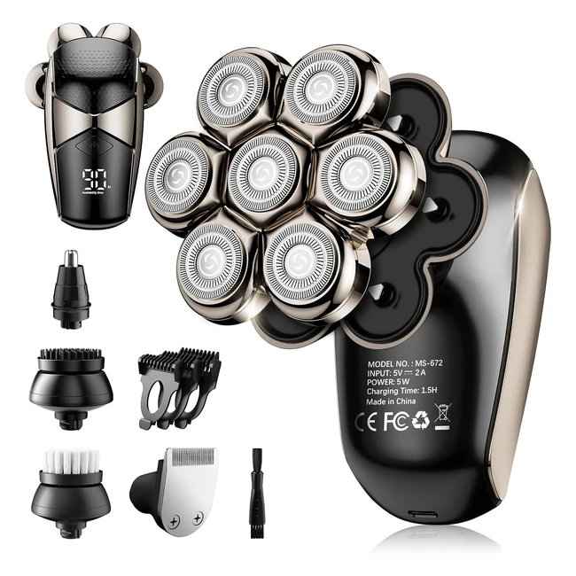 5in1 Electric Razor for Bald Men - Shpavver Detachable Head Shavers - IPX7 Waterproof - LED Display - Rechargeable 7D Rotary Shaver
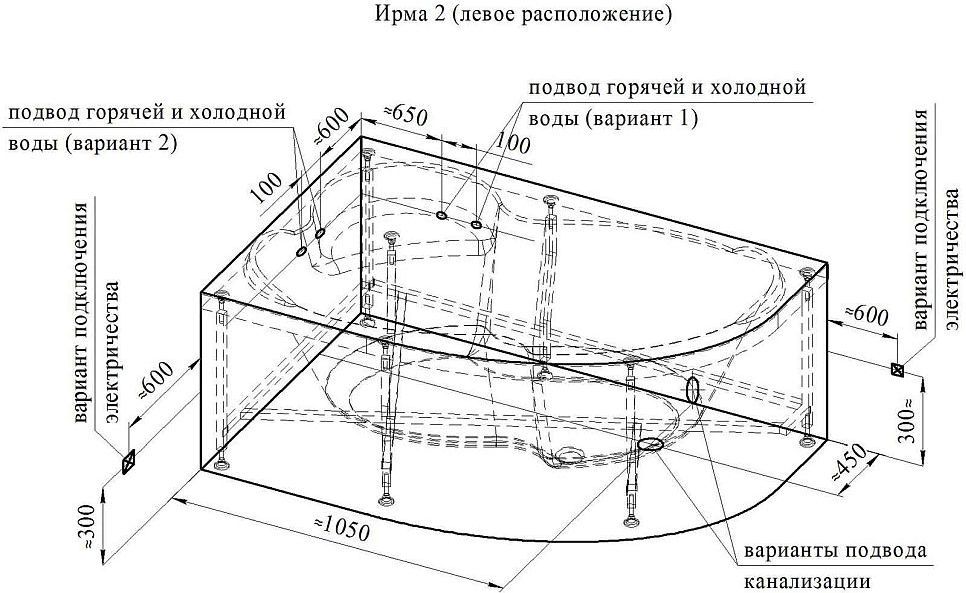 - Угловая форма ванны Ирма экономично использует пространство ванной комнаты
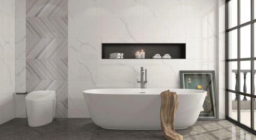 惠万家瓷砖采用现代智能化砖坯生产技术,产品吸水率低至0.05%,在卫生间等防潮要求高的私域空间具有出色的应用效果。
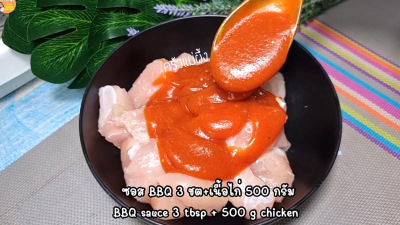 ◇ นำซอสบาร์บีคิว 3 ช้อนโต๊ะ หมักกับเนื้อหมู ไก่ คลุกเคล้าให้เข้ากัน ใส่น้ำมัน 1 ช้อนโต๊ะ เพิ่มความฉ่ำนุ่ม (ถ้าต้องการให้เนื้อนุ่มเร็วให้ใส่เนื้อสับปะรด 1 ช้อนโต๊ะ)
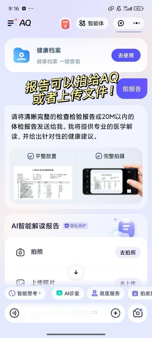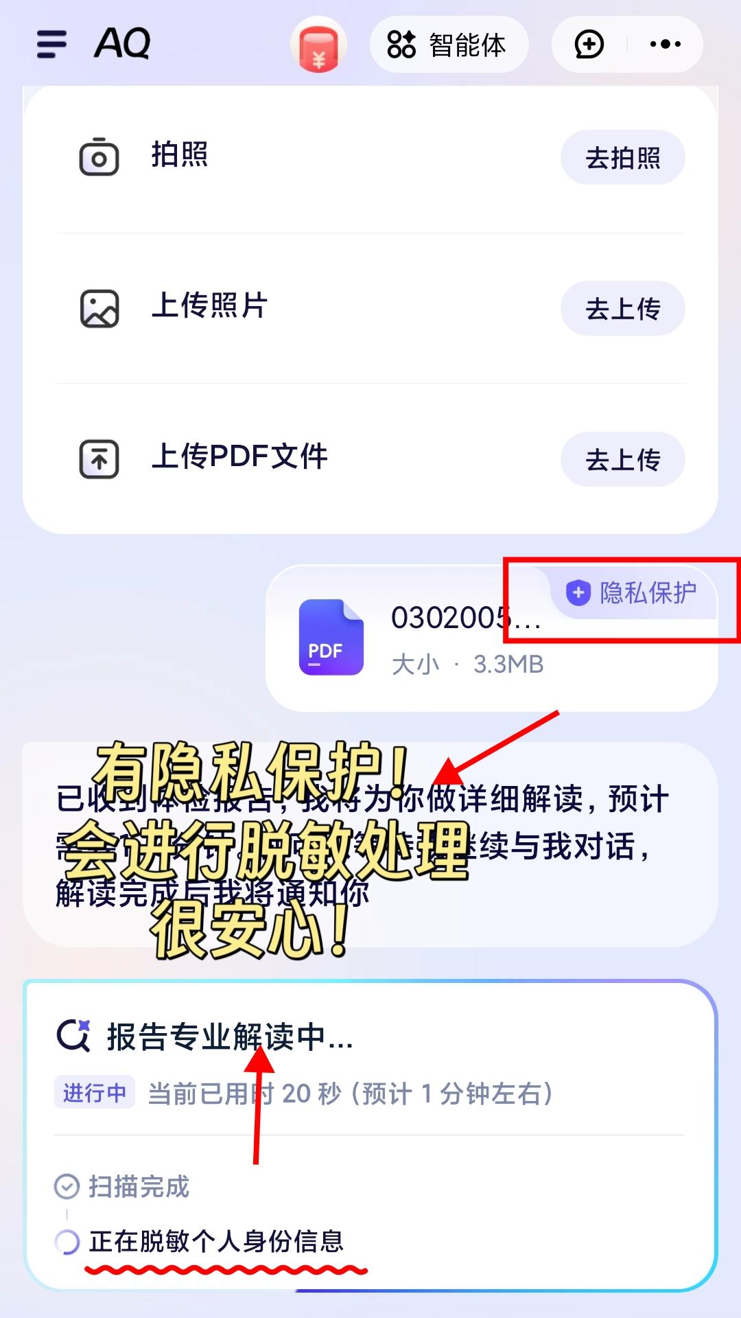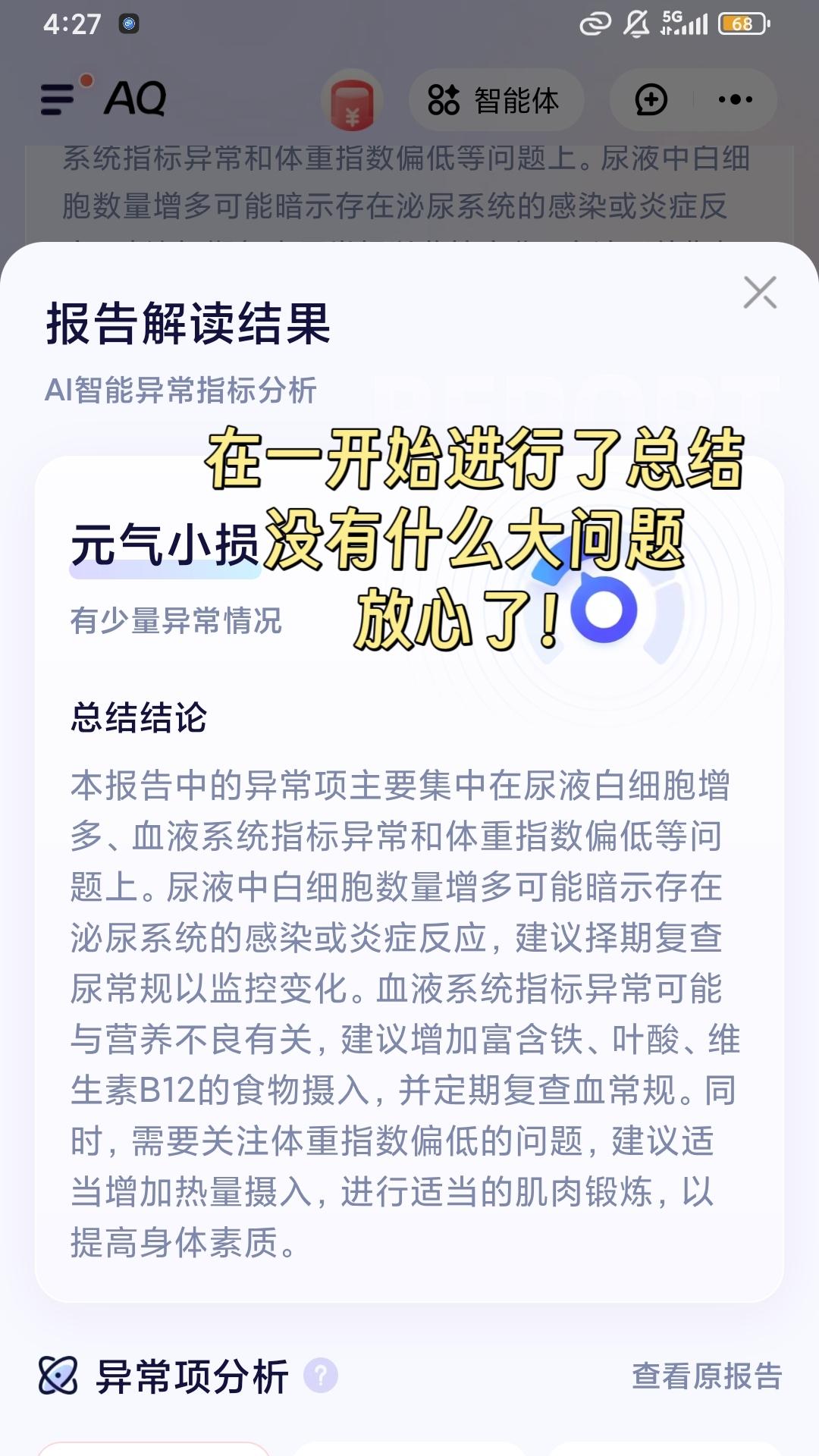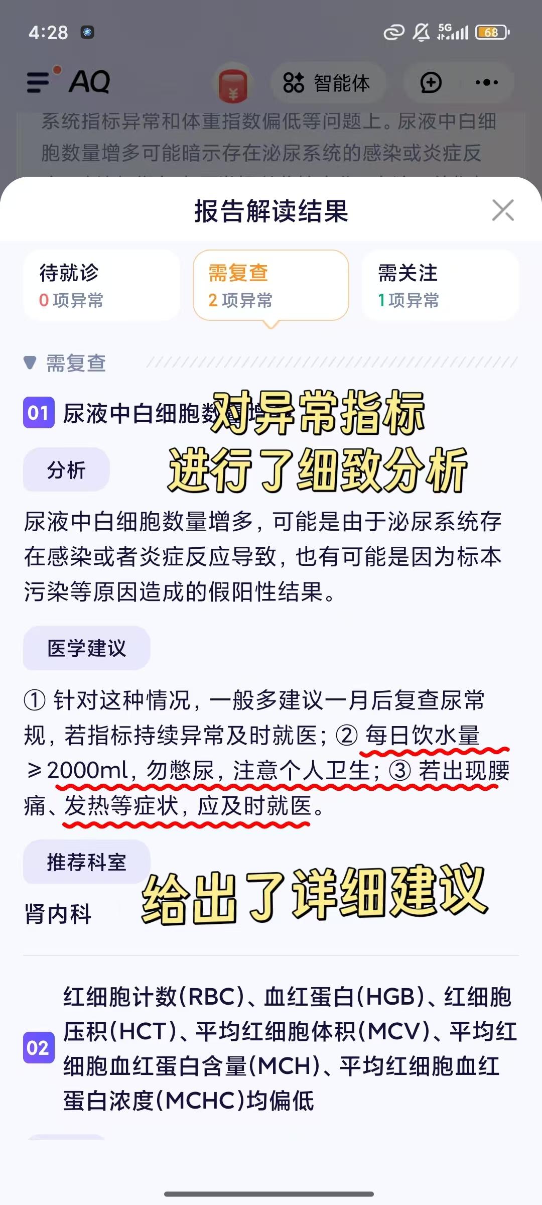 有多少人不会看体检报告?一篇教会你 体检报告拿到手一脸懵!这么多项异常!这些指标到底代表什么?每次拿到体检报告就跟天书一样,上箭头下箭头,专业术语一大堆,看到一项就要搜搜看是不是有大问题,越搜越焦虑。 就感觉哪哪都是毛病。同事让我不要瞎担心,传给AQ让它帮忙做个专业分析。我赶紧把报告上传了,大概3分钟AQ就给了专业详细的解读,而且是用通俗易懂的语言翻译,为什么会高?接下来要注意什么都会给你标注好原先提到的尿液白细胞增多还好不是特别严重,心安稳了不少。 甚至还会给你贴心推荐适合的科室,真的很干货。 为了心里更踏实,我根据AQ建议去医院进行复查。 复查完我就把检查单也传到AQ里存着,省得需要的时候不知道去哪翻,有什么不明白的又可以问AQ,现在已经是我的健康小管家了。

### WHAT YOU SHOULD DO
Starting with the line that contains "惠万家瓷砖采用现代智能化砖坯", print every remaining line of the records above, exactly as it stands. Do not print the pictures.

### ANSWER BOX
 惠万家瓷砖采用现代智能化砖坯生产技术,产品吸水率低至0.05%,在卫生间等防潮要求高的私域空间具有出色的应用效果。
 ◇ นำซอสบาร์บีคิว 3 ช้อนโต๊ะ หมักกับเนื้อหมู ไก่ คลุกเคล้าให้เข้ากัน ใส่น้ำมัน 1 ช้อนโต๊ะ เพิ่มความฉ่ำนุ่ม (ถ้าต้องการให้เนื้อนุ่มเร็วให้ใส่เนื้อสับปะรด 1 ช้อนโต๊ะ)
 有多少人不会看体检报告?一篇教会你 体检报告拿到手一脸懵!这么多项异常!这些指标到底代表什么?每次拿到体检报告就跟天书一样,上箭头下箭头,专业术语一大堆,看到一项就要搜搜看是不是有大问题,越搜越焦虑。 就感觉哪哪都是毛病。同事让我不要瞎担心,传给AQ让它帮忙做个专业分析。我赶紧把报告上传了,大概3分钟AQ就给了专业详细的解读,而且是用通俗易懂的语言翻译,为什么会高?接下来要注意什么都会给你标注好原先提到的尿液白细胞增多还好不是特别严重,心安稳了不少。 甚至还会给你贴心推荐适合的科室,真的很干货。 为了心里更踏实,我根据AQ建议去医院进行复查。 复查完我就把检查单也传到AQ里存着,省得需要的时候不知道去哪翻,有什么不明白的又可以问AQ,现在已经是我的健康小管家了。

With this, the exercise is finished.